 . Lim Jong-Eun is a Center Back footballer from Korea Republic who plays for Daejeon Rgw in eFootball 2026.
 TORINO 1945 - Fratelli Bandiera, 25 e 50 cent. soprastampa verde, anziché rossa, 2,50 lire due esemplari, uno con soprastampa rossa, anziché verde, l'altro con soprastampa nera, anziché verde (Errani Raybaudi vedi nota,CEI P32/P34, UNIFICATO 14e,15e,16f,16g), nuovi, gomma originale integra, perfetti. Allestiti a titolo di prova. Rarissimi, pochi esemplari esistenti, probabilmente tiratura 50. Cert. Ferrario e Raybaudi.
________________________________________
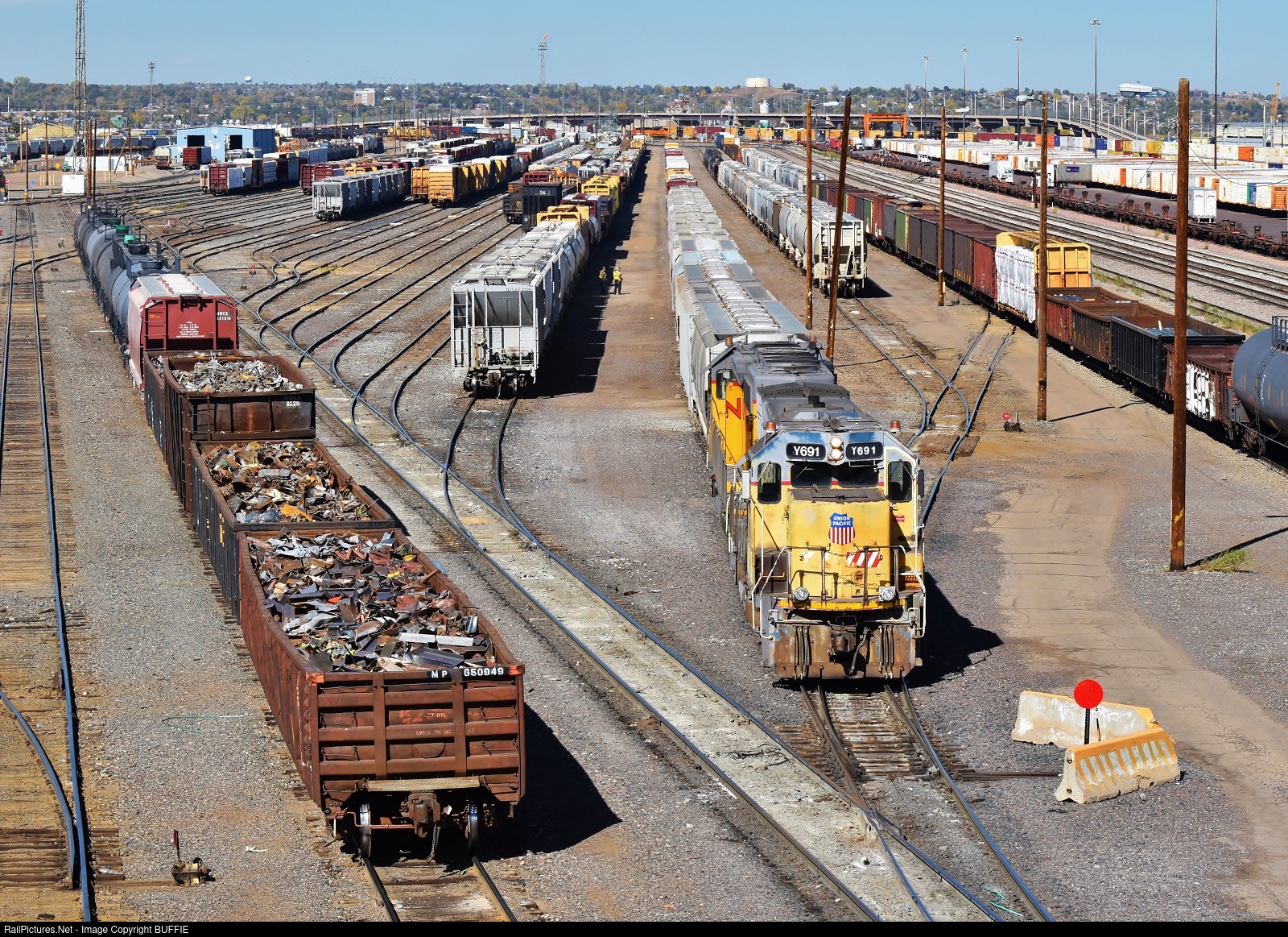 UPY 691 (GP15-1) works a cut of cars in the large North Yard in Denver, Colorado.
________________________________________
AIM OF THE EXERCISE
Would you retype exactly the lines above, from the line with "in eFootball 2026." to the line with "TORINO 1945 - Fratelli", with both end lines kept and nothing more?

WRITTEN ANSWER
 . Lim Jong-Eun is a Center Back footballer from Korea Republic who plays for Daejeon Rgw in eFootball 2026.
 TORINO 1945 - Fratelli Bandiera, 25 e 50 cent. soprastampa verde, anziché rossa, 2,50 lire due esemplari, uno con soprastampa rossa, anziché verde, l'altro con soprastampa nera, anziché verde (Errani Raybaudi vedi nota,CEI P32/P34, UNIFICATO 14e,15e,16f,16g), nuovi, gomma originale integra, perfetti. Allestiti a titolo di prova. Rarissimi, pochi esemplari esistenti, probabilmente tiratura 50. Cert. Ferrario e Raybaudi.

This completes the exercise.